Fentanyl: An Open Letter to Grandma
A few months ago, we circled up in your living room and talked about the opioid epidemic. You were shocked and saddened by the death toll. You had seen it reported on the news.
Since I write about addiction, I tried to explain how people become dependent on drugs. I talked about increasing tolerance levels—about how people need more and then more and then more to experience the high of their first time. One day, I said, that more could kill you.
You recounted what you’d seen on the news, that some people were poisoning the drugs, putting something extra in the drugs that would result in death. I wanted to do some research before I talked with you about this, and now I feel ready to make sense of it.

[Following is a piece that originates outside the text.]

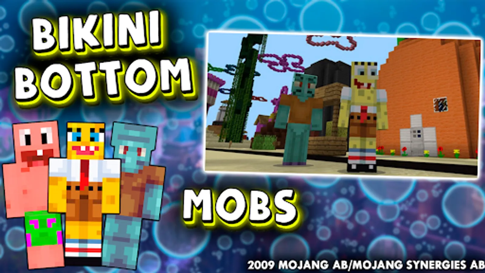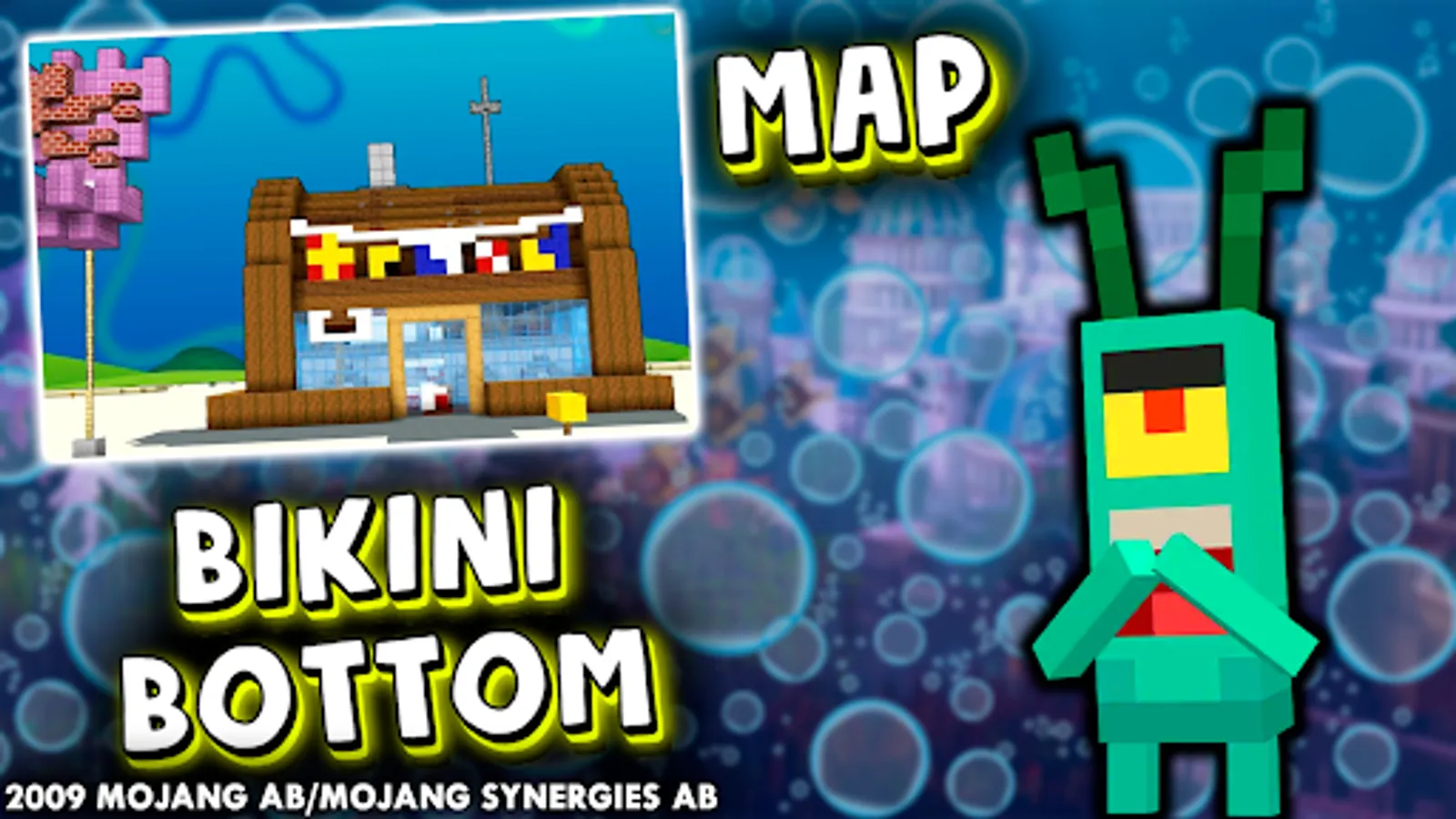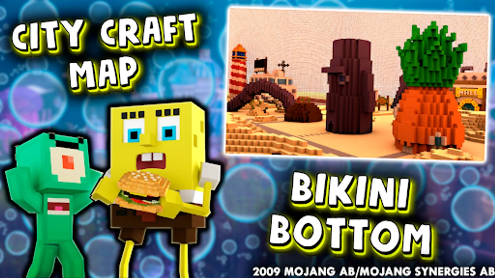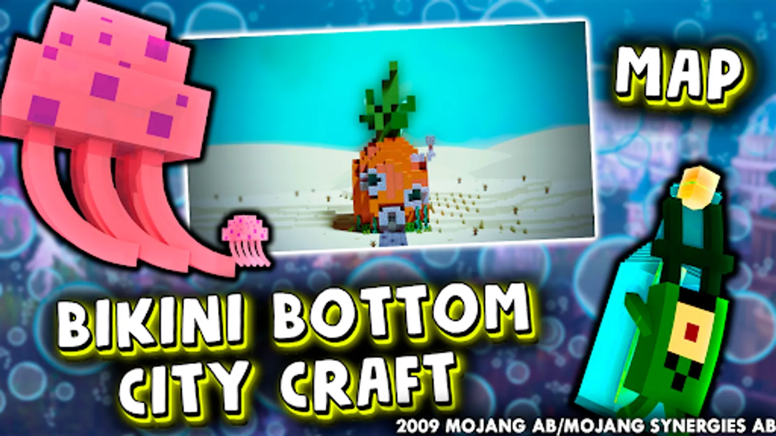 This is a pe craft game survival map based on the famous Bikiny bottom city. This craft map is based on crafting and cubic blocks in voxel handheld games.You can build and create - in the big city. Now you have the opportunity to explore this famous city in the pixel cube world. You have the opportunity to live in pineapple house or craft your house or shelter from cubes, fight or interract with other members of bikiny city, assemble your team and explore the areas of the cube city. Building houses game with FPP (First person in perspective). Great game for boys and girls! Be creative in this blocky lightweight game. You can go the fast crasty crab food restaurant with your friends in the game. Together with your team you will need to mine, resources, food, water, build all you want and need in this craft map from the blocks.

It turns out you were both right and wrong, Grandma. Substances are being added to drugs and making them even more dangerous—and yet those same substances can do good, too.
These days, heroin is often laced with Fentanyl. Fentanyl is cheaper to make than heroin and about 50 to 100 times as strong as morphine. A related drug, called Carfentanyl, is 10,000 times stronger than morphine, 2,500 times stronger than heroin, and 100 times stronger than Fentanyl. Because these drugs are so powerful, even the smallest mistake in dosage can cost a drug user her life.
If a user is taking Fentanyl on purpose to intensify the high, taking even a little bit too much can make the difference between life and death. Some users intentionally take too much Fentanyl to get them to that place of more. They intend to come as close to overdose as possible and to use naloxone (a drug that reverses the effects of Fentanyl) if they need to be brought back. But naloxone doesn’t always work. These users do not always make it.
Some users do not even know that they are taking Fentanyl, and sometimes they too overdose and die. So, you’re not wrong to think that some heroin users are being poisoned. If they knew their heroin contained Fentanyl, they might have been more cautious with the dosage or not taken it at all.
As of August 2016, the death toll due to Fentanyl killed 13 in Lafayette Parish alone, and the threat is only growing. You are right to be taking the crisis seriously.
However, it is important for you to know that Fentanyl itself is not poison. It is prescribed to treat the most severe medical pain, such as in the case of advanced cancer. Put to these legitimate medical uses, Fentanyl could be the only pain reliever that would make a difference to a person’s quality of life. Fentanyl, like many abused drugs, can bring a degree of peace to people who are experiencing a great deal of pain and suffering.
You should also know that there are several plans in the works to improve our national health, like those outlined by the Office of National Drug Control Policy, the Department of Health and Human Services, and the National Institutes of Health.
Addiction recovery takes great strength, and recovery from the opioid epidemic will demand much of us as a society. Even so, I want you to understand the troubled times we are facing, Grandma. I want you to understand so that, no matter the extent of the problem, you will know that there is still and always hope.